PROBLEM REQUIREMENTS
Quote all lines below exactly. Images stay out.

[Opening DATA BLOCK section]

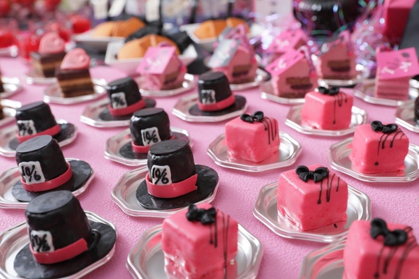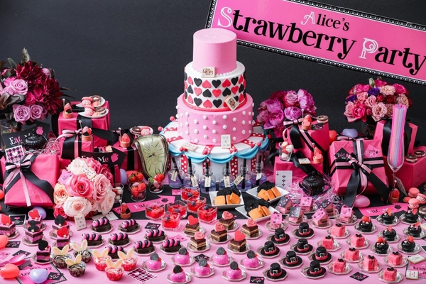 愛知県の緊急事態宣言解除に伴いイベント開催期間延長決定 お客様毎のテーブルにスイーツが並ぶ“NO密”卓上ブッフェ!ピンク×ブラックのキュートなスイーツ達 『アリスのストロベリースイーツパーティー~PINK & BLACK~』
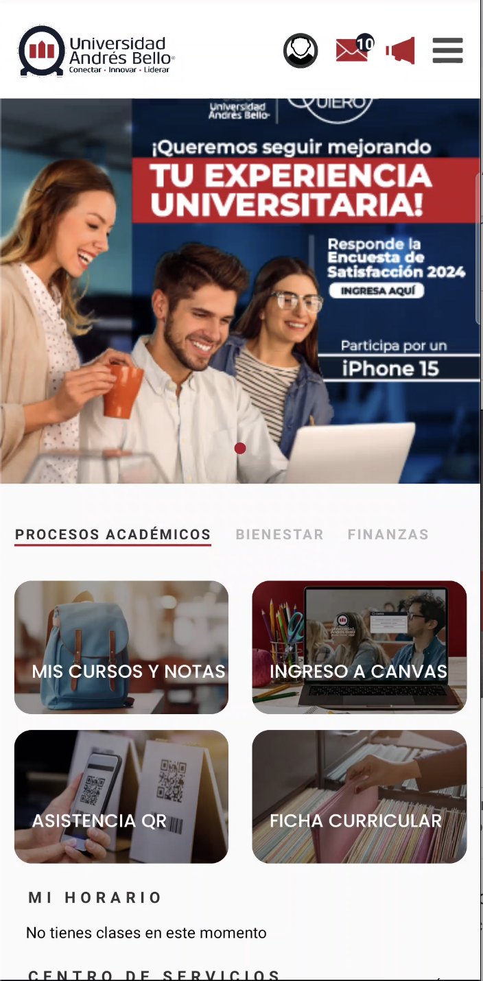 UNAB ESTUDIANTES es una aplicación que forma parte de la Universidad Andrés Bello, una iniciativa que tiene por objetivo optimizar los procesos de comunicación entre alumnos y docentes. Esta aplicación móvil fue creada para que puedas obtener toda la información que necesitas desde cualquier lugar y cuando tú quieras. UNAB ESTUDIANTES está disponible las 24 hrs del día, los 7 días de la semana, permitiéndote administrar tu tiempo de mejor manera.
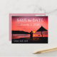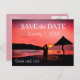 A "save the date" postcard with a loving couple on the beach at sundown.

[Closing DATA BLOCK section]

EXERCISE OUTPUT
 愛知県の緊急事態宣言解除に伴いイベント開催期間延長決定 お客様毎のテーブルにスイーツが並ぶ“NO密”卓上ブッフェ!ピンク×ブラックのキュートなスイーツ達 『アリスのストロベリースイーツパーティー~PINK & BLACK~』
 UNAB ESTUDIANTES es una aplicación que forma parte de la Universidad Andrés Bello, una iniciativa que tiene por objetivo optimizar los procesos de comunicación entre alumnos y docentes. Esta aplicación móvil fue creada para que puedas obtener toda la información que necesitas desde cualquier lugar y cuando tú quieras. UNAB ESTUDIANTES está disponible las 24 hrs del día, los 7 días de la semana, permitiéndote administrar tu tiempo de mejor manera.
 A "save the date" postcard with a loving couple on the beach at sundown.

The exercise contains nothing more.